* Data in this exercise

- - -

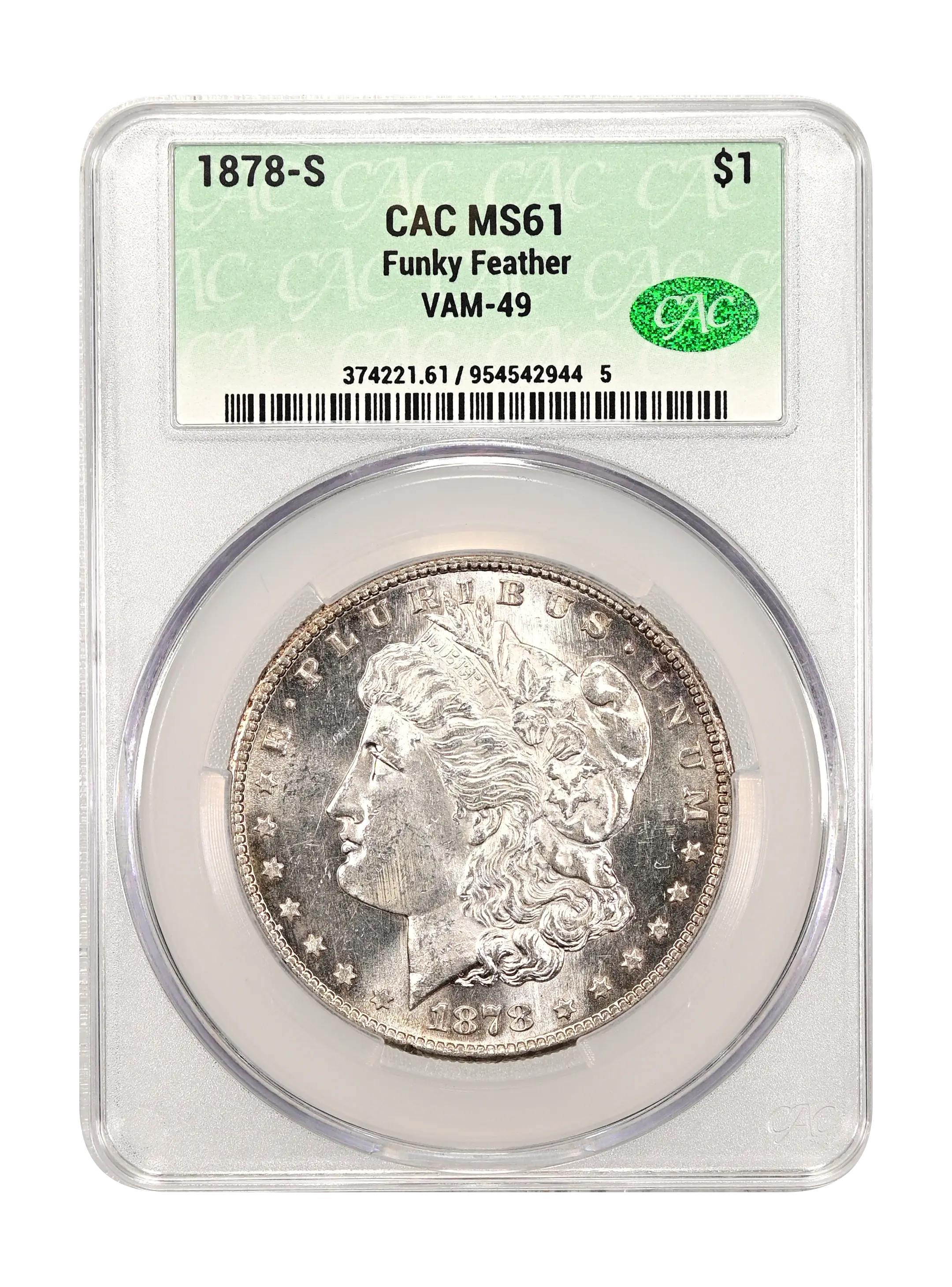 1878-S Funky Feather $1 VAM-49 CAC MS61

- - -

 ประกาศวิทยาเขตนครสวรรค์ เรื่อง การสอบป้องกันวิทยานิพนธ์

- - -

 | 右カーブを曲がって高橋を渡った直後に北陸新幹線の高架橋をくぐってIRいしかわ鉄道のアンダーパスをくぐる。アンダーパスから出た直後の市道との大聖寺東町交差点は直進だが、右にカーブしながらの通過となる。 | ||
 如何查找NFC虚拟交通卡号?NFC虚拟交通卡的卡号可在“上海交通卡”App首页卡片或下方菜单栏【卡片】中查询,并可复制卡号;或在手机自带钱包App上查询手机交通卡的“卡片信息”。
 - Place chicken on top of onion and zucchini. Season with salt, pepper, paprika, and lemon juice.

- - -

* Action item
From the listing above, the lines starting with the one that has "如何查找NFC虚拟交通卡号?" and running through the one that has "- Place chicken" should be copied exactly, ends included.

* Problem solution
 如何查找NFC虚拟交通卡号?NFC虚拟交通卡的卡号可在“上海交通卡”App首页卡片或下方菜单栏【卡片】中查询,并可复制卡号;或在手机自带钱包App上查询手机交通卡的“卡片信息”。
 - Place chicken on top of onion and zucchini. Season with salt, pepper, paprika, and lemon juice.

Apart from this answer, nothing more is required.